Question

If the weight ratio of $C$ and $O_2$ present is 1:2 and both of reactants completely consume and form $CO$ and $C{O}_2$ and we will obtain a gaseous mixture of $CO$ and $C{O}_2$. What would be the weight ratio of $CO$ and $C{O}_2$ in mixture?

• A. 11 : 7
• B. 7 : 11
• C. 1 : 1
• D. 1 : 2

Answer 1

Answer: (B)

7 : 11

The molar masses of $C$, $O_2$, $CO$ and $C{O}_2$ are 12 g/mol, 32 g/mol, 28 g/mol and 44 g/mol respectively.

Let 100 g of C and 200 g of $O_2$ are present which corresponds to 8.33 moles of C and 6.25 moles of $O_2$.

Let x moles of C react with x moles of $O_2$ to form x moles of $C{O}_2$.

$8.33-x$ moles of C will react with $\frac{8.33-x}{2}$ moles of $O_2$ to form $8.33-x$ moles of CO.
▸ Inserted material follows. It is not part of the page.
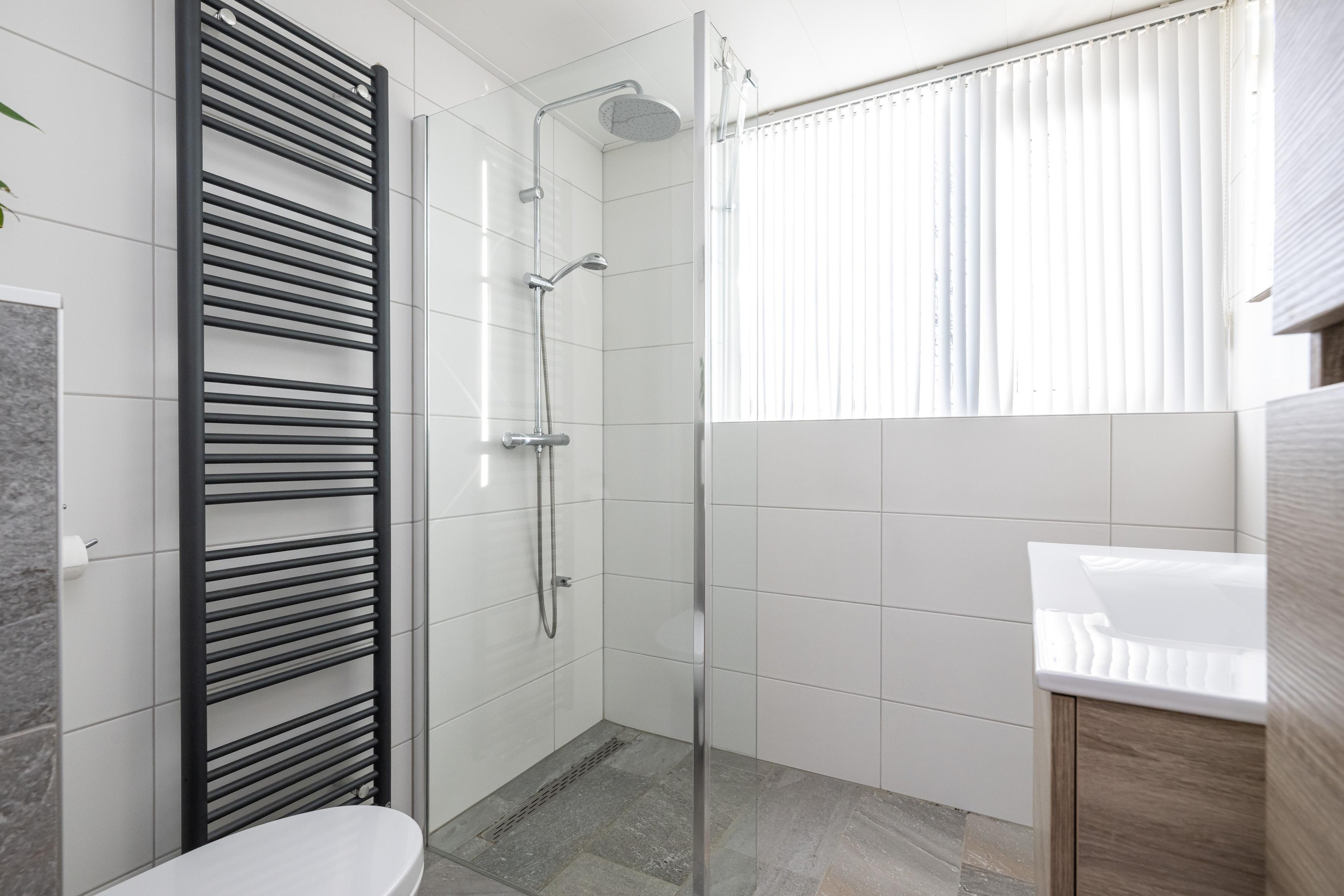 Plavuizenvloer, geheel betegeld, wastafel met meubel, handdoekenkast, inloopdouche, zwevend toilet, handdoekenradiator, en elektrische afzuiging.

But, $\frac{8.33-x}{2}$ moles of $O_2$ is also equal to $6.25-x$ moles.

Hence, $\frac{8.33-x}{2}=6.25-x$ or $x=4.17$.

The number of moles of $CO$ formed is $8.33-x=4.16$ and the number of moles of $C{O}_2$ formed is $x=4.17$.

Thus, equal number of moles of $CO$ and $C{O}_2$ is formed.

Hence, the ratio of the weight percent of $CO$ and $C{O}_2$ is equal to the ratio of their molar masses which is $28:44$ or $7:11$.